> _Provided material_:
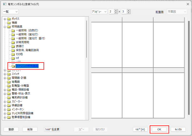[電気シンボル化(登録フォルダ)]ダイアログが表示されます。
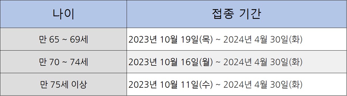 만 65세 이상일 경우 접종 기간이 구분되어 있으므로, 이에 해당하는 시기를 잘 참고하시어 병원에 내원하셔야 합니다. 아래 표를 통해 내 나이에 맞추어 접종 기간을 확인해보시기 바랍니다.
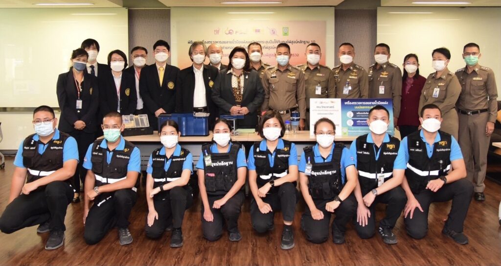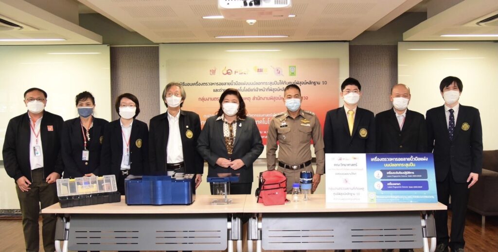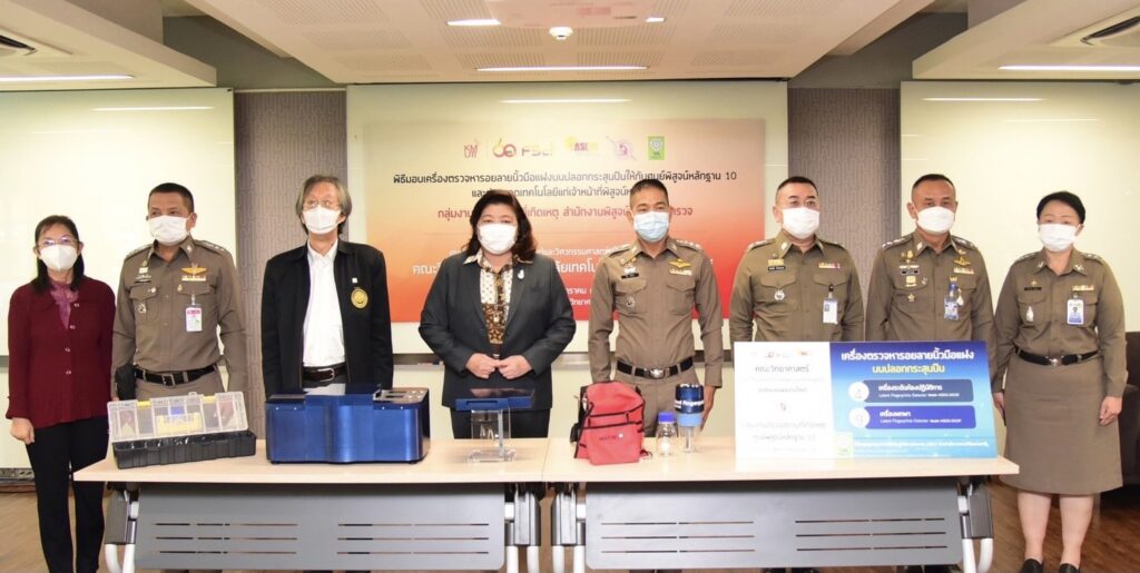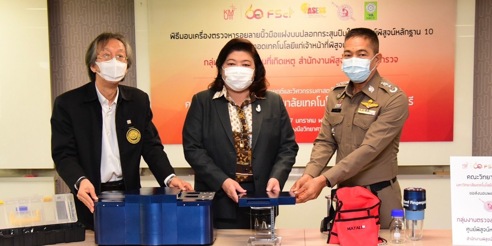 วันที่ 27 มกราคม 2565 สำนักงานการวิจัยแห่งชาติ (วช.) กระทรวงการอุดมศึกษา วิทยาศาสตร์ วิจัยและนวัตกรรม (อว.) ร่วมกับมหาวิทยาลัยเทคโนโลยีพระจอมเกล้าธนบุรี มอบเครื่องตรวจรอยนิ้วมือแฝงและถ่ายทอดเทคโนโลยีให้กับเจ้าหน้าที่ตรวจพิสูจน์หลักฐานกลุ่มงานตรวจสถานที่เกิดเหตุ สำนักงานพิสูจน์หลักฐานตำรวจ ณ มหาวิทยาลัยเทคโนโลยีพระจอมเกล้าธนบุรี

> _Task prompt_: Please write out all the data word for word, but keep every picture out.

> _Output of the exercise_:
[電気シンボル化(登録フォルダ)]ダイアログが表示されます。
 만 65세 이상일 경우 접종 기간이 구분되어 있으므로, 이에 해당하는 시기를 잘 참고하시어 병원에 내원하셔야 합니다. 아래 표를 통해 내 나이에 맞추어 접종 기간을 확인해보시기 바랍니다.
 วันที่ 27 มกราคม 2565 สำนักงานการวิจัยแห่งชาติ (วช.) กระทรวงการอุดมศึกษา วิทยาศาสตร์ วิจัยและนวัตกรรม (อว.) ร่วมกับมหาวิทยาลัยเทคโนโลยีพระจอมเกล้าธนบุรี มอบเครื่องตรวจรอยนิ้วมือแฝงและถ่ายทอดเทคโนโลยีให้กับเจ้าหน้าที่ตรวจพิสูจน์หลักฐานกลุ่มงานตรวจสถานที่เกิดเหตุ สำนักงานพิสูจน์หลักฐานตำรวจ ณ มหาวิทยาลัยเทคโนโลยีพระจอมเกล้าธนบุรี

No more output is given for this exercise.